Rajshahi (AsiaNews) - A group of men attacked Shafiul Islam, a sociology professor at Bangladesh's Rajshahi University (RU), as he went home, hacking him to death because he was not afraid to speak to his students about his liberal outlook in opposition to more conservative views of Islam. The killers struck him on the head and shoulders. He died later in hospital.
The victim was a Baul, a group of mystic minstrels from a variety of religious traditions, mostly Sufi Muslims and Hindus who celebrate celestial love through music, transcending differences of belief.
Around five hours after the murder, a fundamentalist group called Ansar al-Islam Bangladesh-2 opened a Facebook account claiming responsibility for the act.
The page read, "Our Mujahideens (fighters) executed a 'Murtad' (apostate) today in Rajshahi who had prohibited female students in his department to wear 'Burka' (veil)."
It also quoted a local news report from 2010 saying the professor had forced female students to remove their veils before entering his classroom or before taking exams.
However, "He moved to ban full-face veils from the classrooms and examination halls" because "full-face veils could be used to cheat in the examinations,' a colleague said.
The page also shows a picture of the slain teacher with a red X-mark on it. In Bangla, is says, "AKM Shafiul Islam (file closed)/Offence: Apr, 2010/ Punishment: Nov, 2014."
This is followed by a statement in English - "We don't forget. Insha'Allah we will not forget others" - and the names of these 'others'.

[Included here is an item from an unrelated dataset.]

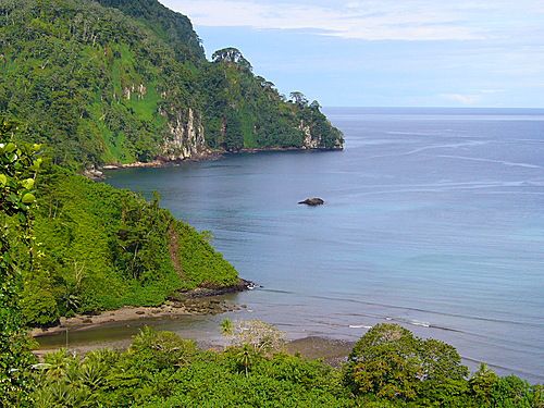 Su estructura basáltica, ante un régimen de lluvias como el mencionado, ha sido disectada para una red de drenaje considerable, manifiesto en una topografía muy irregular y de cascadas, de islas menores e islotes agrestes. La costa es muy sinuosa típica del océano Pacífico, sus acantilados tienen alturas hasta más de 183 metros. Posee una infinidad de cuevas submarinas. El mar azul turquesa es de extraordinaria transparencia.

Three of them are Shafiul Islam, murdered blogger Rajib Haider, and one Ashraful Islam. They are marked with red 'X' marks, and captioned: 'finished'.

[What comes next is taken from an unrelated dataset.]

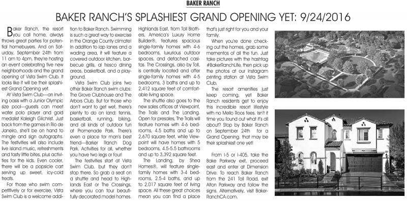 tion to Baker Ranch. Swimming is such a great way to exercise in the Orange County climate! In addition to lap lanes and a wading area, it will feature a covered outdoor kitchen, barbecue grills, al fresco dining areas, basketball, and a playground.

The other two pictures are of bloggers Asif Mohiuddin and Rakib Mamun. The caption for them says, "First attempt: completed; second attempt: coming soon."
Speaking to AsiaNews, a local source, anonymous for security reasons, said that Shafiul Islam's "murder is not so much about the burka affair; it is something deeper."
Open-minded, the slain professor "had been receiving threats for a while, but also thanks to his work, he was not afraid of expressing his more open and tolerant views."
Shafiul Islam taught in fact at Rajshahi University, Bangladesh's main hotspot because it is a stronghold of Jamaat-e-Islami, the country's most right-wing party.
"In terms of internal structures, Jamaat has been undermined by the Awami League's youth movement," the source said, "but it is still present and makes its presence felt during clashes, sometimes violently, with various groups." The Awami League is a secularist party, currently in power in Bangladesh.
At the same time, "many Bangladeshi Muslims are resisting fundamentalism: people like Shafiul Islam, who knew that he was in danger, but still went ahead with his ideas."